December 10, 1999
Secretary of state Madeleine Albright has spent the week
trying to shore up peace negotiations between Israel and its Syrian and
Palestinian neighbors. Then the president announced that Israel and Syria
would reopen talks.
Syria, it should be remembered, has been run by the same dictator for more
than three decades and is one of the region’s most oppressive police states.
It illegitimately controls neighboring Lebanon, from which it wages an
Iranian supported proxy war against Israel. And to prevent its citizens from
getting opposing views from the rest of the world, or even getting their
own views out, it restricts access to such basic communications equipment
as modems and fax machines.
But so far as we can tell, ms. Albright has never raised the issue of
returning the government of Lebanon (never mind Syria proper) to its own
people.
On the contrary, she suggests the way to regional peace is for democratic
Israel to put even more territory – the Golan heights – under president Hafez
Assad’s control. Given his own views on the free flow of information, Assad
must have been heartened to hear ms. Albright’s refusal to publicly discuss
their talks.
“Discussions about negotiations are very much like mushrooms,” she said.
“They do much better when they are not in the light.”
In Yasser Arafat’s Palestinian Authority, meanwhile, last week brought a
chain of remarkable developments that, save the names and places, could
have come straight out of a Soviet-era Russian novel. A group of 20 people –
nine delegates from mr. Arafat’s powerless legislature and 11 leading
intellectuals and businessmen – issued a pamphlet branding the PA regime
“corrupt, unjust, exploitative and manipulative.”
PA officials responded by suggesting the plaintiffs were tools of foreign
agents. Eleven of the petitioners were then arrested and some “persuaded”
to recant.
Mr. Arafat also requested that the parliamentary immunity of the nine
others be lifted. After the failure of that gambit, one of the legislators was
set upon by masked gunmen who shot him three times in the foot. The
legislator claims to have lifted the veil of one gunman during the struggle
and recognized him as a member of mr. Arafat’s security forces.
Given that mr. Arafat’s clan has been murdering and intimidating dissident
Palestinians since the grand mufti ruled Jerusalem in the 1930s, the story is
not unlikely.
In other words, the Oslo process was supposed to secure a government of
and for the Palestinian people. In fact, the PA is no more representative, and
a lot less liberal, than the old Israeli occupiers.

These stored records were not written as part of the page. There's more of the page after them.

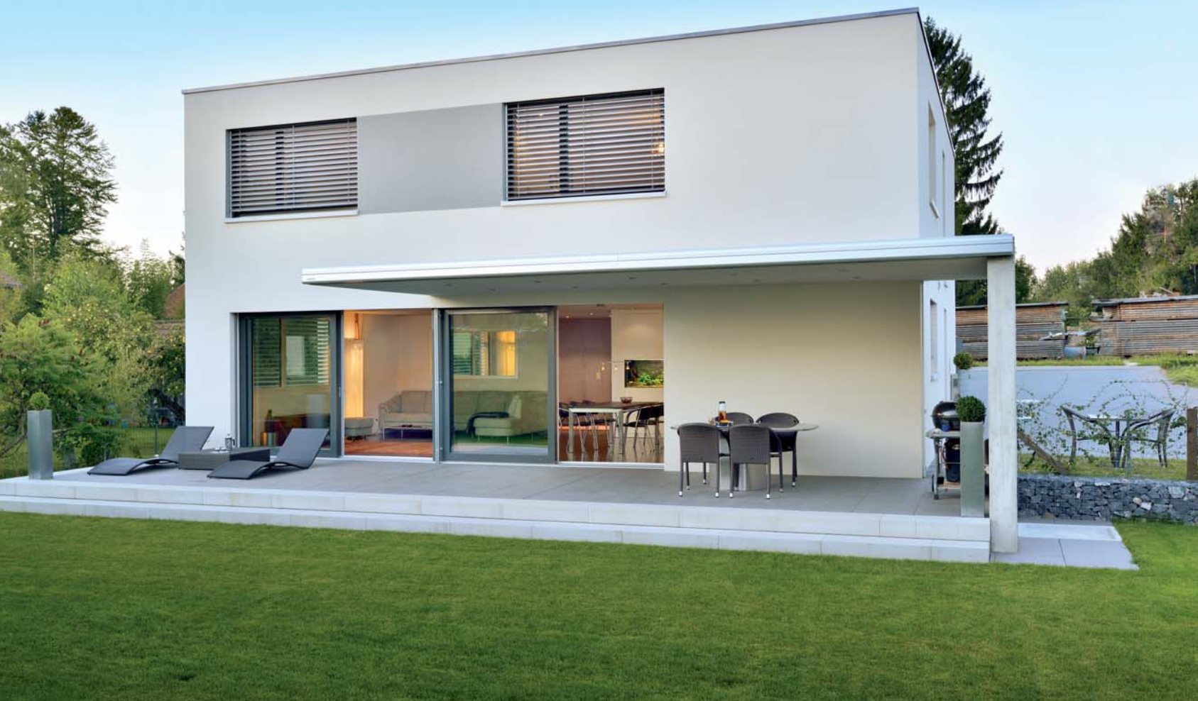
Foto gross oben) Die perfekte Bühne für ein gemütliches Barbecue – der Sommer kann kommen. Foto gross unten) Die angebaute Garage verlängert den kompakten Baukörper in der Horizontalen. 1) Im hellen Eingangsbereich werden Gäste empfangen. 2) Eingelassene Deckenlampen auch über dem gedeckten Gartensitzplatz.

Auszug aus der Zeitschrift DAS EINFAMILIEN HAUS erschienen am 25. Juli 2013 ©Etzel Verlag AG
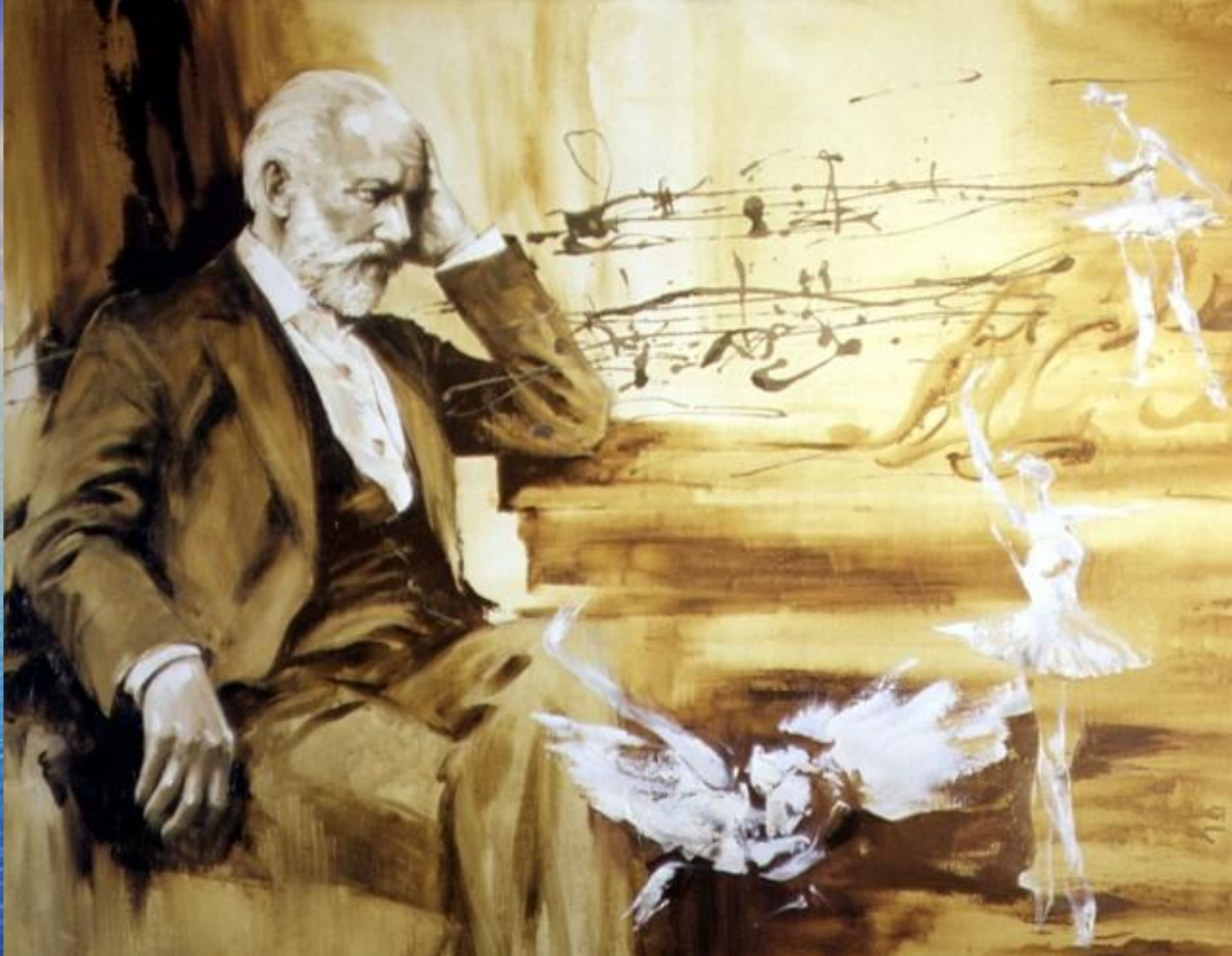
Петр Ильич Чайковский
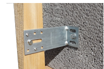
Cheville parpaing - Vue en situation
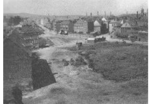
L'emplacement du collège
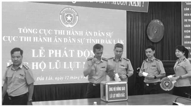
● Cục Thi hành án dân sự tỉnh Đắk Lắk phát động ủng hộ đồng bào bị lũ lụt ở miền Bắc.
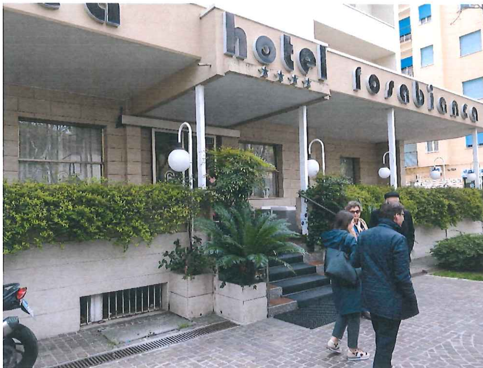
6. ábra Szakmai látogatás az M.L. S.r.l. vállalkozásnál, Hotel Rosabianca szálloda és étterem

Riminiben az év meghatározott időszakára jellemző magasabb munkanélküliséget nem csupán a néhány ágazatban jelentősen lecsökkenő munkahelyek száma okozza. A szezonális ágazatokban, különösen a domináns turizmus, vendéglátásban, és főként a turisztikai szakmák esetében jellemző ok, hogy a szezon a korábbi 6 hónapról 2-3 hónapra csökkent, mellyel a szükséges munkaerő-kereslet arányosan és főleg időszakosan jelentősen visszaesik. Hasonló tendencia
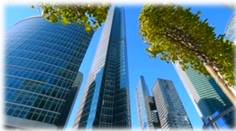
Fig. 1- Rascacielos y centro de negocios

Mediante un análisis orientado a la identificación y clasificación de los riesgos y amenazas estos sectores económicos determinan los Planes de Emergencia Internos y Externos (PEI, PEE) cuyos manuales contienen toda la información necesaria para el control de cada tipo de emergencia dentro de la instalación pública y centros de negocios que puedan verse afectadas.
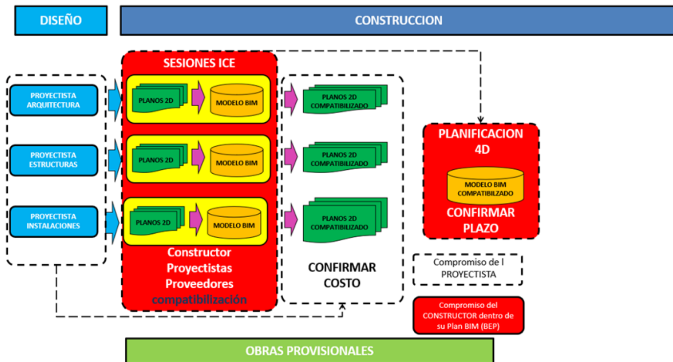
Ilustración 2: Propuesta de aplicación BIM para la construcción de proyectos públicos. Elaboración propia

el mismo alcance con el que se desarrolló el expediente técnico entregado para licitación) en base a la subsanación de los errores encontrados que han dado a la creación de un proyecto “verificado” en presupuesto y cronograma gracias a la aplicación de BIM. Un esquema de la propuesta descrita se encuentra en la ilustración 2.
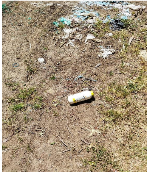
Envases de agroquímicos con mala disposición en el predio
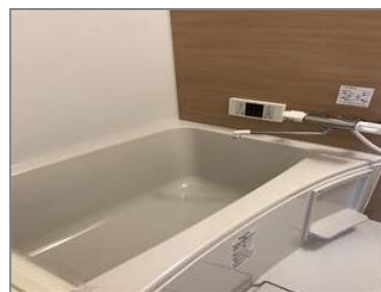
★追炊き機能付バス♪★
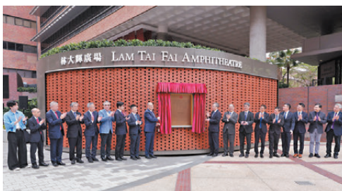
●理大「林大輝廣場」昨日舉行揭牌儀式。

據悉,理大於2015年將賽馬會綜藝館門前的廣場命名為「林大輝廣場」,廣場優化工程於2024年展開,沿用扇形設計,總面積約1,100平方米,梯級觀摩席可容納約200名觀眾,適用於舉辦各類文化展覽、演出、戶外及校園活動。
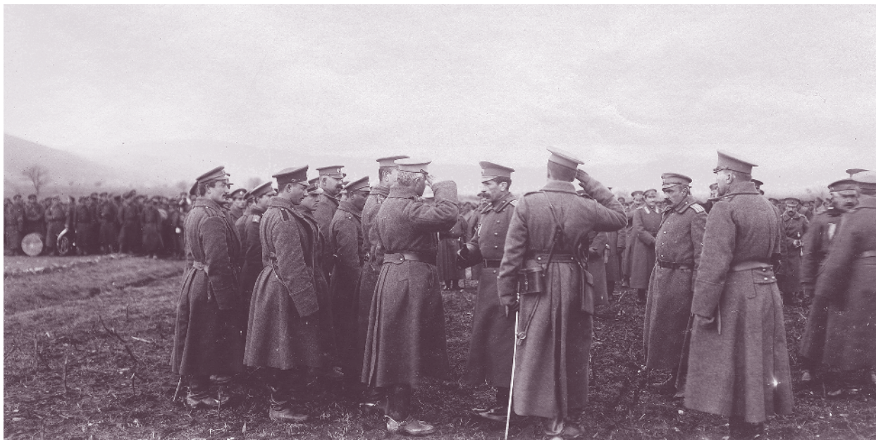
Офицери от 43-ти пехотен полк се представят на главнокомандващия генерал-майор Никола Жеков, 17 януари 1916 г.

За участие в Първата световна война (1915–1918) 43-и пехотен полк е формиран отново – от състава на 9-и пехотен Пловдивски и 21-ви пехотен Средногорски полк. Влиза в 3-та бригада от 2-ра пехотна Тракийска дивизия, която е под командването на полковник Лазар Козарев. Командир на полка е подполковник Христо Брайков. На Тракийската дивизия е разпоредено от 28 септември 1915 г. да поеме и годината на р. Струма, като смени там 14-и пехотен Македонски полк от Рилската дивизия. За целта 3-та бригада е предислоцирана в годината на Струма, а 43-ти пехотен полк сменя от позиции Македонския полк при с. Левуново. От 1 октомври до 30 ноември 1915 г. полкът отбранява участък на левия фланг на бригадата срещу тръгналите на струмишкото направление съглашенски войски. Боевете продължават от 21 до 30 октомври, като роти от 43-ти пехотен полк подпомагат 14-и и 44-ти пехотен полк, оказали се на направлението на главния удар на 156-а френска дивизия и 30-а английска бригада. Настъплението на съглашенските войски към Струмица е спряно и те преминават към отбрана.
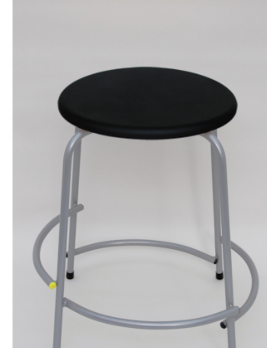
Højde 54 cm.
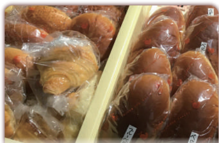
山田湾ベーカリー 様
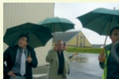
▲ Visite de l'entreprise SCREG en présence du Président de la Communauté de communes de Blaye

>>> Le député poursuit sa tournée de visites d'entreprises. Le 15 juin, il était sur le canton de Blaye pour rencontrer la SCREG, la Semabla, Mauco et le Château Berthenon. Le député a pu échanger sur les difficultés économiques liées à la crise, l'importance des commandes publiques pour le maintien de l'activité, le potentiel ferroviaire du port de Blaye, et sur les projets de développement ●
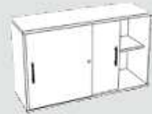
Schiebtürenschränk 2 OH 120 x 40 x 74,8 cm (B x T x H)
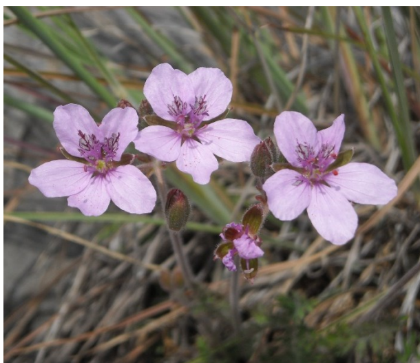
Jasione mansanetiana és una espècie endèmica de l'interior de les províncies de Castelló i València (esquerra). Erodium aguilellae és un endemisme que es distribueix per les serres litorals de la província de Castelló (dreta).
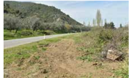
Resim 8: Mermer bloğun ağaç dalları ile kamuflaj edilmesi
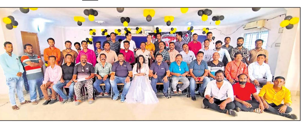
ତାଲିମ ଶିବିରରେ ଉପସ୍ଥିତ କର୍ମଚାରୀ।
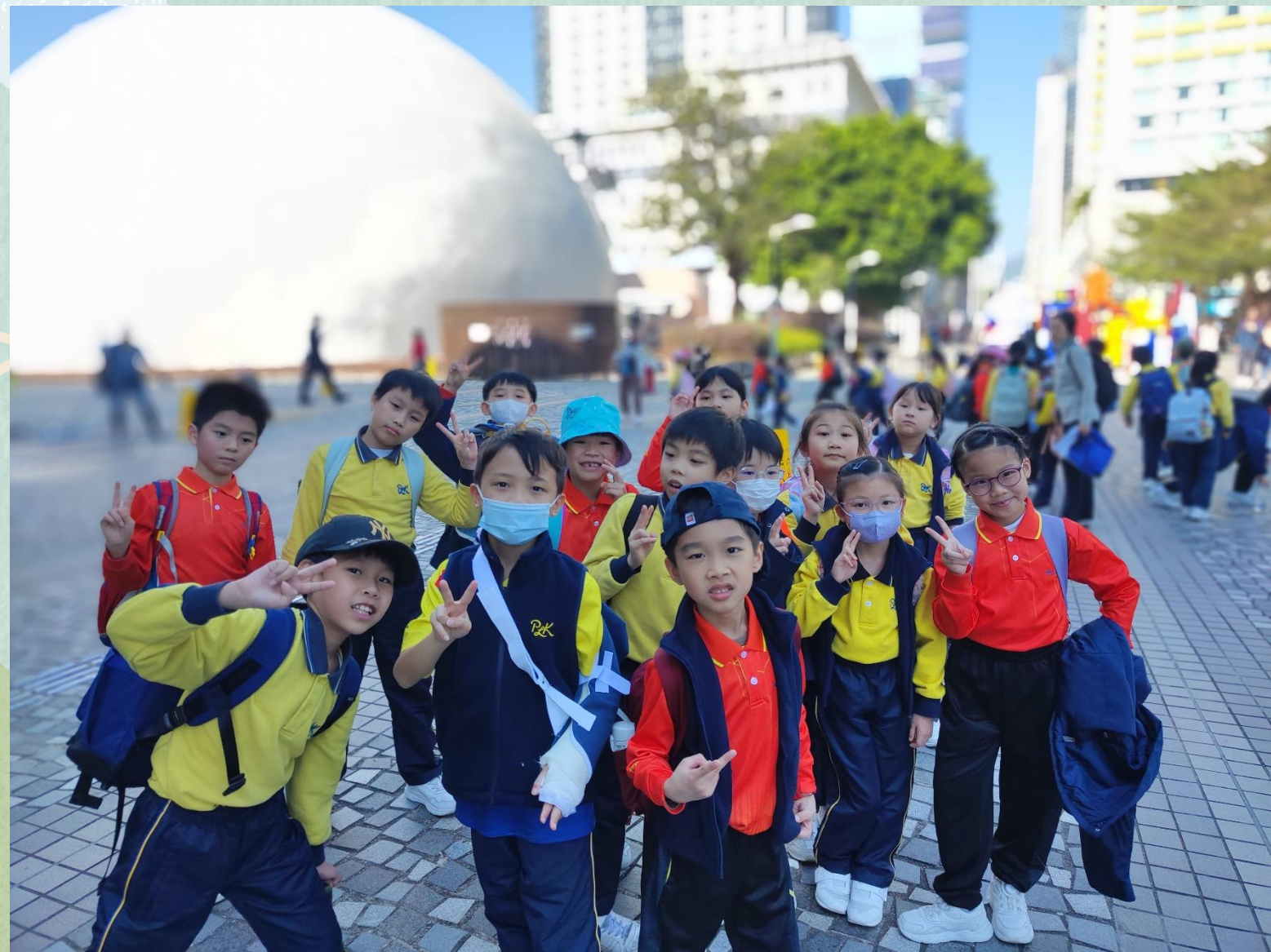
參觀位於尖沙咀的香港太空館
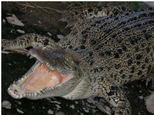
Gambar 3. Crocodylus porosus (buaya muara)
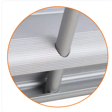
ANCLAJE DE MÁSTIL A BASE
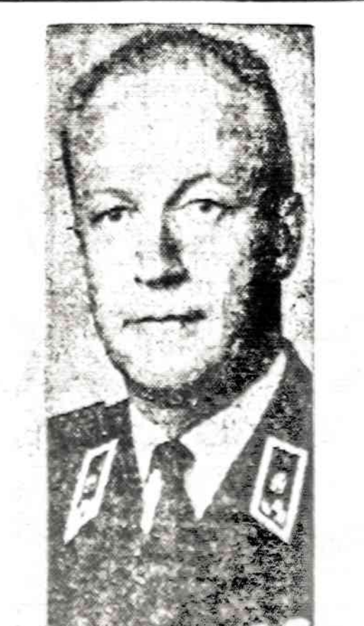
Suomijos gen. Ensis Siilasvuo, Jungtinių Tautų įgaliotinis Egipte, turi gerai sugyventi ir su arabais ir su žydais.

WASHINGTONAS. — Senatas priėmė užsienio paramos įstatymą, kuris skiria 504 mil. dol. Indonijai paramai. Karinei paramai skirta visa pasaulyje 962 mil. dol.
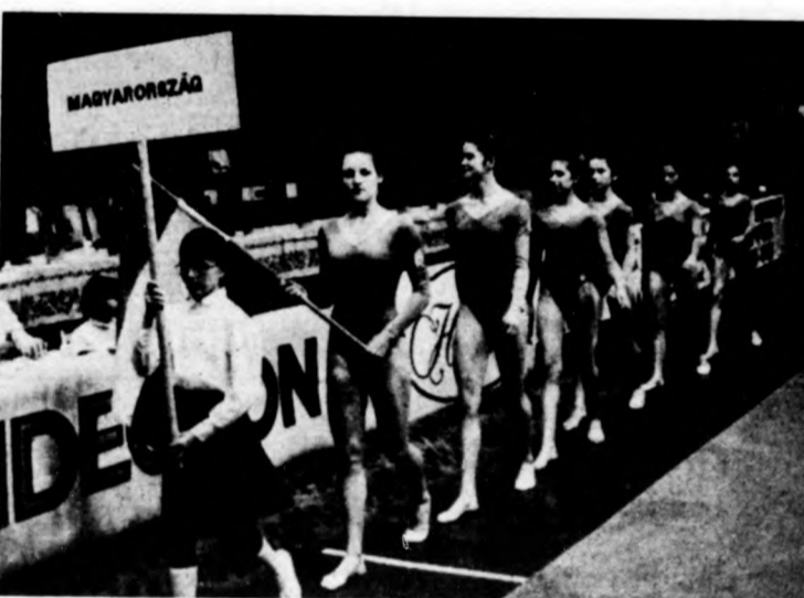
A magyar csapat

Kiállítások: 4, illetve 10 perc. Hétméteresek: 5/4, illetve 5/2. Az eredmény alakulása: 2 perc: 0-1, 10 perc: 6-2, 18 perc: 8-6, 22. perc: 12-7, 35. perc: 20-12, 46. perc: 28-15, 53. perc: 33-18.
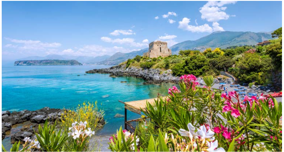
Herzlich willkommen in Kalabrien

Kalabrien liegt an der Spitze des italienischen Stiefels am südlichsten Punkt Italiens. Das angenehme Klima, die wunderschönen Farben des Meerwassers, die von Sandstränden unterbrochenen felsigen Küsten, die wilde, geheimnisvolle Landschaft, der deftige und unverfälschte Geschmack der heimischen Küche und die Zeugnisse der antiken Vergangenheit machen Kalabrien zu einem einzigartigen Landstrich, fernab vom Massentourismus. Hier geht jeder Wunsch in Erfüllung
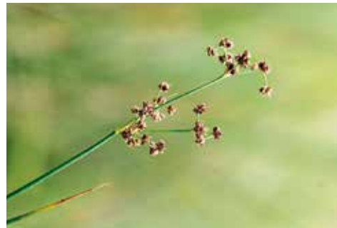
Juncus subnodulosus
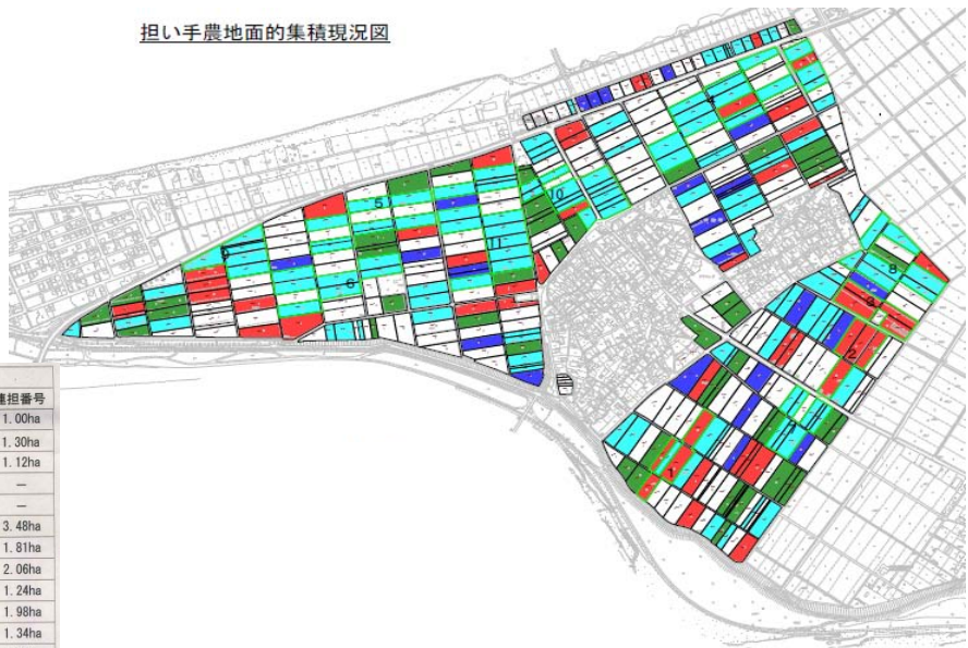
担い手農地集積現況図

経緯：①従来、事業実施地区の地図情報及び農地情報は、紙ベースでしか存在しておらず、現況の農地集積の状況把握や事業実施後の農地集積シミュレーションは、手作業による膨大な作業となり、多大な労力が必要だった。 ②平成24年1月より、水土里情報利活用促進事業で整備された地図情報及び農地情報を活用することで、迅速かつ的確に農地集積の現況図や集積計画図を作成することが可能となった。

Sometimes, of course, even the best laid plans go awry. But what is
astonishing here is the U.S. government’s determination to press ahead as if
everything is normal – indeed, as if the obstacle is an Israeli government
that continues to build houses on the West Bank, not a Palestinian regime
that tries to silence its critics by force.
Superficially, it may seem easier to work with strongmen than with the
cacophony of conflicting interests and views of a democratic society.
But it ultimately undermines the legitimacy of any deal that’s struck (the
dissident legislators tellingly complained the Palestinian cause was being
“sold out”), and makes it easier for rejectionist groups – be they Hezbollah in
Lebanon or Hamas in Palestine – to justify their continued struggle.
This is a point constantly emphasized by Israeli interior minister Natan
Sharansky. Having spent nine years in a KGB prison for dissident activities, he
should have some idea whereof he speaks.
As painful as they will undoubtedly be, Israeli concessions on the Golan and
West Bank are well worth the price if they result in real and lasting peace.
But events such as those in the PA last week, and Assad’s continued
oppression in Syria-Lebanon, give much reason to doubt whether peace really
is on offer.
Let us recall that one of the most decisive moments in the long cold war
came when the Reagan administration abandoned detente. Long-run peace
and stability were best promoted, mr. Reagan reasoned, by promoting
legitimate (i.e. democratic) systems of government, not accommodating
whatever thug happens to be in power in a given country at a given time.
If little progress is made on the Syrian and Palestinian fronts in the coming
months, the Israelis might be well-advised to try a different strategy,
dumping the Middle Eastern version of detente, and declaring that they will
resume negotiations on land-for-peace only when they can talk to Syrian
and Palestinian representatives chosen by free and fair elections in an open
society.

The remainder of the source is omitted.